本偏光変換素子は、磁化ベクトルの主たる成分の向きが互いに相反した磁性ナノ構造体の対を支持体上または支持体内部に配置したことにより、偏光変換機能を実現するとともに、磁性ナノ構造体の対に接して導電性の膜を配置したことにより、偏光変換効率の向上が可能となるという効果を奏する。
本偏光変換素子は、磁化ベクトルの主たる成分の向きが互いに相反した磁性ナノ構造体の対を支持体上または支持体内部に配置したことにより、偏光変換機能を実現するとともに、磁性ナノ構造体の対に接して導電性材料による微細パターンを配置したことにより、偏光変換効率の向上が可能となるという効果を奏する。
本偏光変換素子は、磁化ベクトルの主たる成分の向きが互いに相反した磁性ナノ構造体の対を支持体上または支持体内部に配置したことにより、偏光変換機能を実現するとともに、磁性ナノ構造体の対に接して導電性材料によるラインパターンを配置したことにより、偏光変換効率の向上が可能となるという効果を奏する。また、偏光選択性を有する偏光変換素子が実現できるという効果を奏する。
本偏光変換素子は、磁化ベクトルの主たる成分の向きが互いに相反した磁性ラインパターンの対を支持体上または支持体内部に配置したことにより、入射光の直交する二つの偏光成分の一方のみを他方へ変換することが可能になり、また、2次元平面内における磁性材料の構成のみで偏光変換機能を実現したことにより、光学素子数の低減や光学装置の小型化か可能となるという効果を奏する。
本偏光変換素子は、磁化ベクトルの主たる成分の向きが互いに相反した磁性ラインパターンの対を支持体上または支持体内部に配置したことにより、偏光変換機能を実現するとともに、磁性材料によるラインパターンの対に接して導電性の膜を配置したことにより、偏光変換効率の向上が可能となるという効果を奏する。また、偏光選択性を有する偏光変換素子が実現できるという効果を奏する。

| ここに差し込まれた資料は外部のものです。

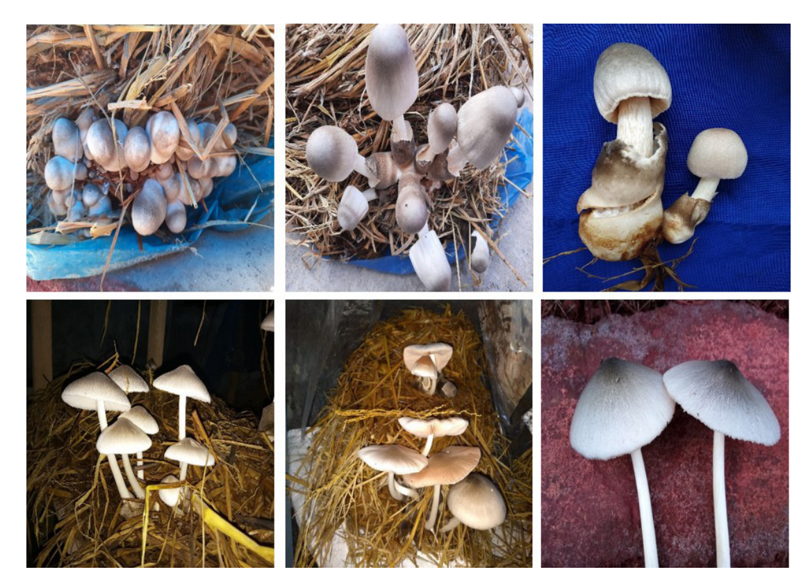
Figure 1. Selected strain Vv-19-06 of Paddy straw mushroom, V.volvacea

pinheads/primordia emerged early in Vv-19-01 on 9<sup>th</sup> day followed by PS1,Vv-19-03 and Vv-19-06 when compared to other strains (13.9 to 14.5 days). Similarly, the strains Vv-19-01, Vv-19-03 and PS1 produced sporophores at egg/button stage ready for harvest within 11 to 11.5 days whereas Vv-19-06 took 12 days; however, they were on par with each other. However, the average fruit body weight was maximum in Vv-19-06 and Vv-19-03 and PS1 (35.98g,36.22g,33.08g, respectively).The average number of fruiting bodies/ bed was maximum in PS1 (32 numbers) and Vv-19-06 (31.5 numbers). Significantly superior biological efficiency of 17.44 % in Vv-19-06 followed by PS1 (16.2 %) was recorded.
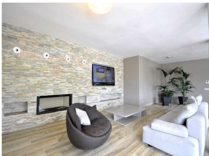
Cosy chillout area
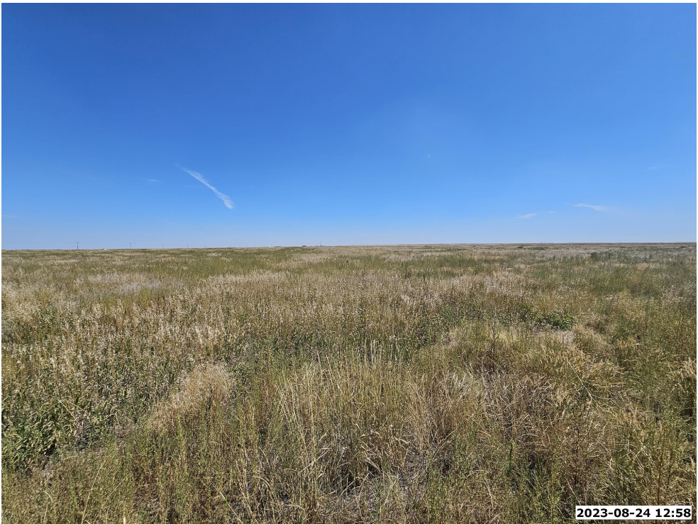
VIEW - EAST

偏光変換素子は、磁化ベクトルの主たる成分の向きが相反した磁性ラインパターンの対を支持体上または支持体内部に配置したことにより、偏光変換機能を実現するとともに、磁性ラインパターンの対に接して導電性材料によるラインパターンを配置したことにより、偏光変換効率の向上が可能となり、また、偏光選択性を有する偏光変換素子が実現できるという効果を奏する。
本偏光制御素子は、磁性構造体または磁性構造体と導電性部材からなる偏光変換素子構造の少なくとも一方の端部に、多重反射構造を設けることにより、入射光と磁性構造体および導電部材との相互作用の頻度を増大することが可能となり、偏光変換効率の向上が可能となるという効果を奏する。
本偏光制御素子は、偏光変換素子を構成する磁性構造体として単磁区構造となるサイズの磁性構造体を用いることにより、入射光と磁性構造体との相互作用の強さを増大させることが可能となり、偏光変換効率の向上が可能となるという効果を奏する。
2 偏光変換素子
3 出射偏光状態(直線偏光)
201 支持基板
202 磁性ナノ構造体
203 磁性構造体の対(ユニット)
Claims (9)
- 支持体上または支持体内部に、磁性構造体の対を2次元的に配した構造を少なくとも有し、該磁性構造体の対は、入射する光の波長以下の間隔で隣接し、且つ該磁性構造体の中心点間を結ぶ直線に対して平行で互いに相反する向きに主たる磁化成分を有することを特徴とする偏光変換素子。
- 請求項1記載の偏光変換素子であって、前記磁性構造体の幅及び奥行きの長さを入射する光の波長以下としたことを特徴とする偏光変換素子。
- 請求項1記載の偏光変換素子であって、前記磁性構造体を、入射する光の波長以下の幅を有する磁性材料によるラインパターンで構成したことを特徴とする偏光変換素子。
- 請求項1から3のいずれか1項記載の偏光変換素子であって、前記支持体上に、前記磁性構造体の対に接するように導電性部材を配したことを特徴とする偏光変換素子。
- 請求項4記載の偏光変換素子であって、前記導電性部材を平坦な膜で構成したことを特徴とする偏光変換素子。
- 請求項4記載の偏光変換素子であって、前記導電性部材を入射する光の波長以下のサイズを有する2次元パターンで構成したことを特徴とする偏光変換素子。
- 請求項4記載の偏光変換素子であって、前記導電性部材を入射する光の波長以下の幅を有するラインパターンで構成したことを特徴とする偏光変換素子。
- 請求項1から7のいずれか1項記載の偏光変換素子であって、前記磁性構造体の対および前記導電性部材の、上方または下方の少なくとも一方に、多重反射構造を配したことを特徴とする偏光変換素子。
- 請求項1,2,4から8のいずれか1項記載の偏光変換素子であって、前記磁性構造体が単磁区構造を有することを特徴とする偏光変換素子。